**What you should do**: So long as no pictures are carried over, output the records below exactly.

Items listed in a dataset

+-------+

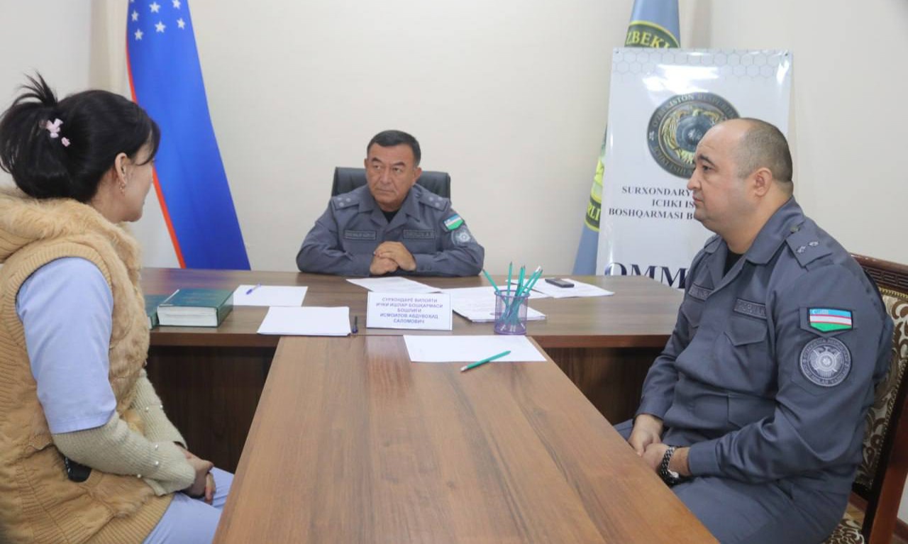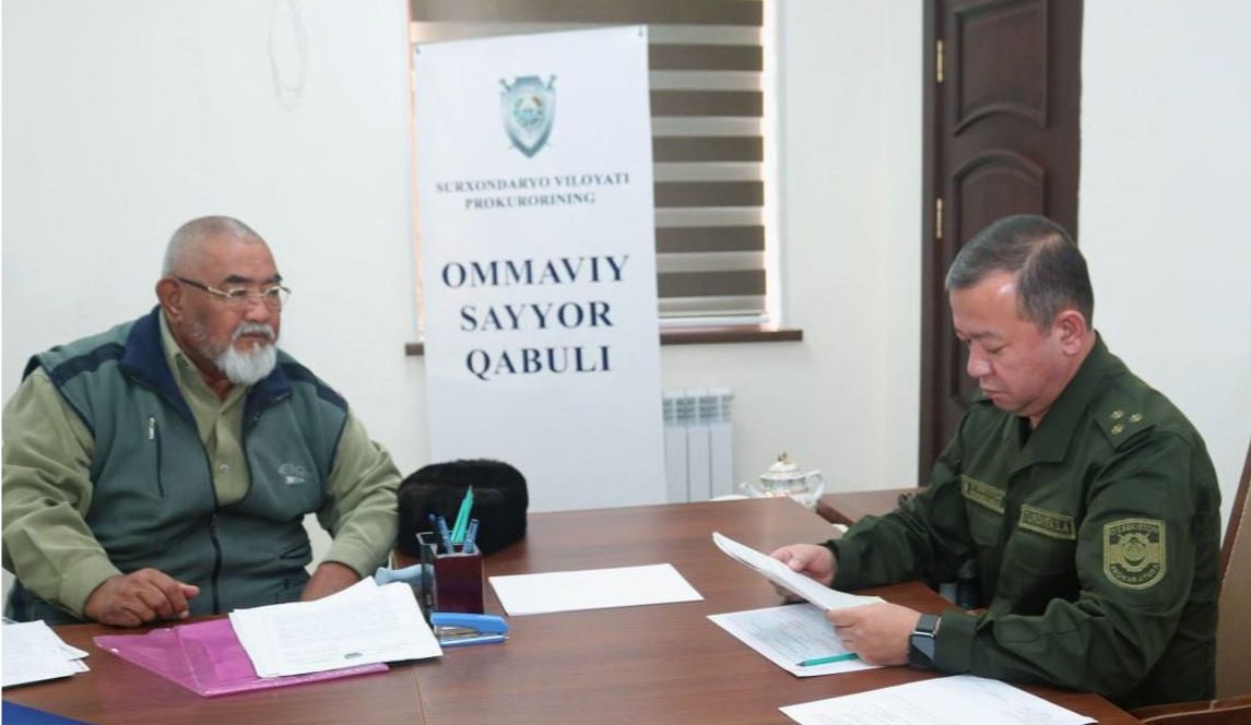 Davlatimiz rahbari topshirigʻi asosida Prezident Xalq qabulxonalari Termiz shahri, Denov va Sherobod tumanlarida sud-huquq masalalari boʻyicha tashkil qilgan ommaviy qabullarda viloyat prokuraturasi, sudlari, soliq, ichki ishlar, adliya va bojxona boshqarmalari masʼullari har bir masalani murojaatchilar ishtirokida sinchiklab koʻrib chiqdi.
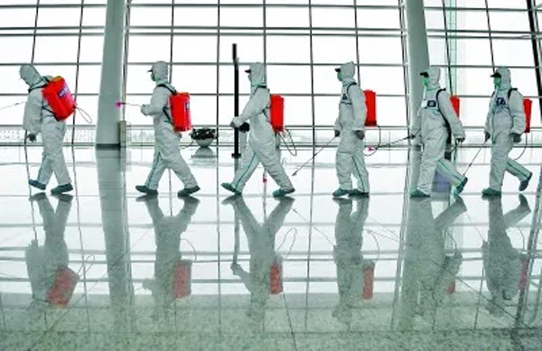 4月3日,湖北省武漢市消防救援支隊消殺隊員對天河國際機(jī)場T3航站樓進(jìn)行封閉式衛(wèi)生防疫消殺工作。新華社發(fā)
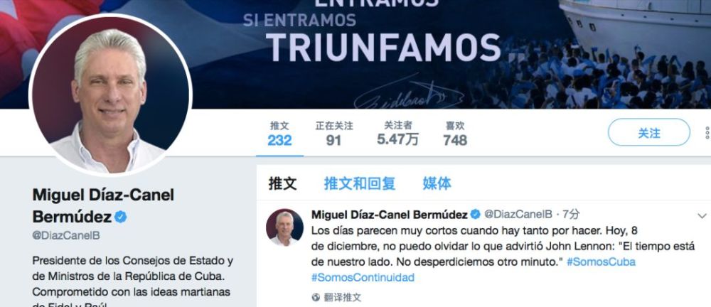 要知道,古巴国务委员会主席兼部长会议主席米格尔·迪亚斯-卡内尔·贝穆德斯也是一位“推特控”,他不仅有自己的社交媒体账号,而且每天都要发好几条推文。
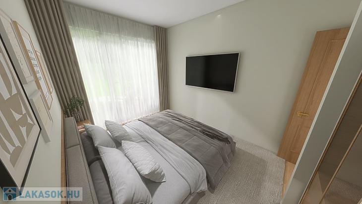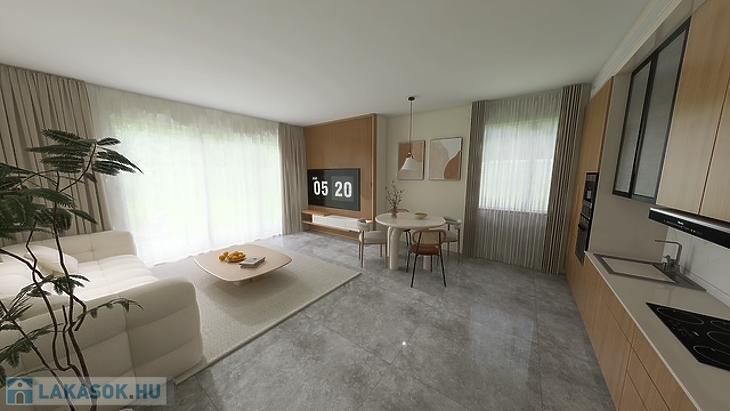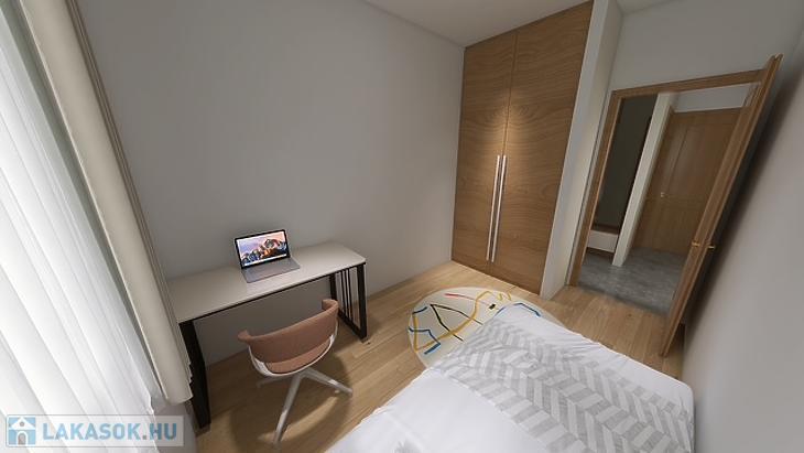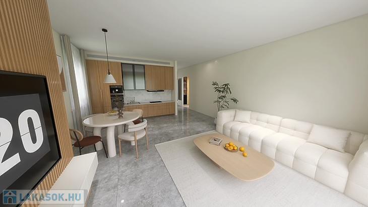 Egy tágas amerikai konyhás nappali, 3 háló, fürdőszoba és egy 9 m2-es erkély kerül kialakításra.
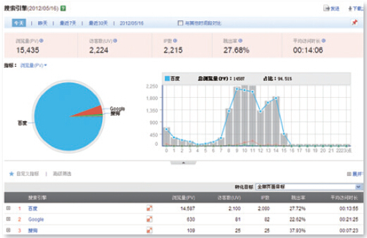 具體分析方法是:先了解并分析搜索引擎總流量,再細分每個(gè)搜索引擎流量,最后細分重要的搜索詞帶來(lái)流量。(注:本文所述的搜索詞是指網(wǎng)民為找到需要的信息在搜索框中輸入的詞語(yǔ);關(guān)鍵詞是指搜索引擎商業(yè)推廣賬戶(hù)中購買(mǎi)的詞語(yǔ)。
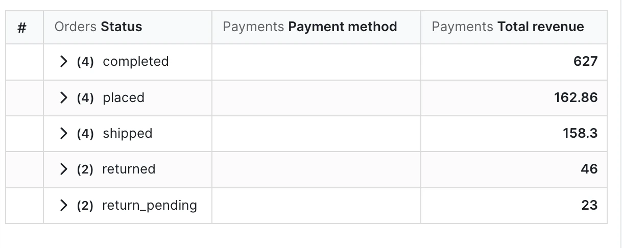 When you enable Show metrics as rows, each pivoted dimension value creates only one column, regardless of how many metrics you have. The metrics are displayed as separate rows instead. For example, if you have partner_name as a row dimension (with 5 partners), pivot by order_date_month (with 12 months of data), and have 3 metrics:
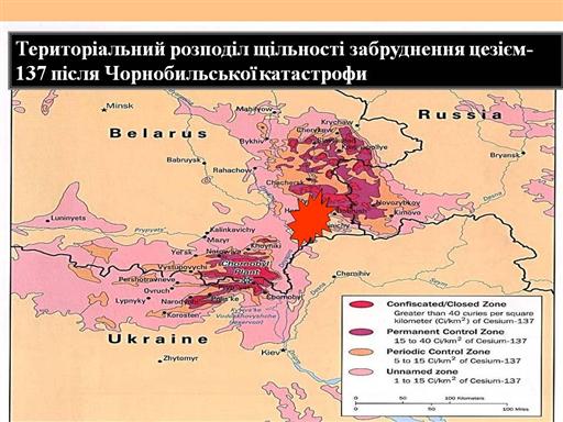 26 квітня 1986 року в м. Прип’ять (Україна) на Чорнобильській атомній електростанції сталася найбільша ядерна аварія, наслідки якої набули характеру катастрофи. В результаті аварії в перші місяці від гострих променевих уражень загинули 28 людей. Для ліквідації наслідків аварії були залучені більше 600 тисяч спеціалістів, серед яких було 200 000 українців, яких надалі назвали ліквідаторами. Основні великомасштабні роботи проводилися до 1990 року. Саме цей період і було включено до більшості наукових досліджень. У результаті вибуху і викиду радіоактивних матеріалів було забруднено велику територію України, Білорусі та Росії. Щільність забруднення радіоактивним цезієм-137 представлена на карті. Так само наведені рівні зміщення забруднення Cs-137 навколо Чорнобиля.

+-------+

**Task answer**:
 Davlatimiz rahbari topshirigʻi asosida Prezident Xalq qabulxonalari Termiz shahri, Denov va Sherobod tumanlarida sud-huquq masalalari boʻyicha tashkil qilgan ommaviy qabullarda viloyat prokuraturasi, sudlari, soliq, ichki ishlar, adliya va bojxona boshqarmalari masʼullari har bir masalani murojaatchilar ishtirokida sinchiklab koʻrib chiqdi.
 4月3日,湖北省武漢市消防救援支隊消殺隊員對天河國際機(jī)場T3航站樓進(jìn)行封閉式衛(wèi)生防疫消殺工作。新華社發(fā)
 要知道,古巴国务委员会主席兼部长会议主席米格尔·迪亚斯-卡内尔·贝穆德斯也是一位“推特控”,他不仅有自己的社交媒体账号,而且每天都要发好几条推文。
 Egy tágas amerikai konyhás nappali, 3 háló, fürdőszoba és egy 9 m2-es erkély kerül kialakításra.
 具體分析方法是:先了解并分析搜索引擎總流量,再細分每個(gè)搜索引擎流量,最后細分重要的搜索詞帶來(lái)流量。(注:本文所述的搜索詞是指網(wǎng)民為找到需要的信息在搜索框中輸入的詞語(yǔ);關(guān)鍵詞是指搜索引擎商業(yè)推廣賬戶(hù)中購買(mǎi)的詞語(yǔ)。
 When you enable Show metrics as rows, each pivoted dimension value creates only one column, regardless of how many metrics you have. The metrics are displayed as separate rows instead. For example, if you have partner_name as a row dimension (with 5 partners), pivot by order_date_month (with 12 months of data), and have 3 metrics:
 26 квітня 1986 року в м. Прип’ять (Україна) на Чорнобильській атомній електростанції сталася найбільша ядерна аварія, наслідки якої набули характеру катастрофи. В результаті аварії в перші місяці від гострих променевих уражень загинули 28 людей. Для ліквідації наслідків аварії були залучені більше 600 тисяч спеціалістів, серед яких було 200 000 українців, яких надалі назвали ліквідаторами. Основні великомасштабні роботи проводилися до 1990 року. Саме цей період і було включено до більшості наукових досліджень. У результаті вибуху і викиду радіоактивних матеріалів було забруднено велику територію України, Білорусі та Росії. Щільність забруднення радіоактивним цезієм-137 представлена на карті. Так само наведені рівні зміщення забруднення Cs-137 навколо Чорнобиля.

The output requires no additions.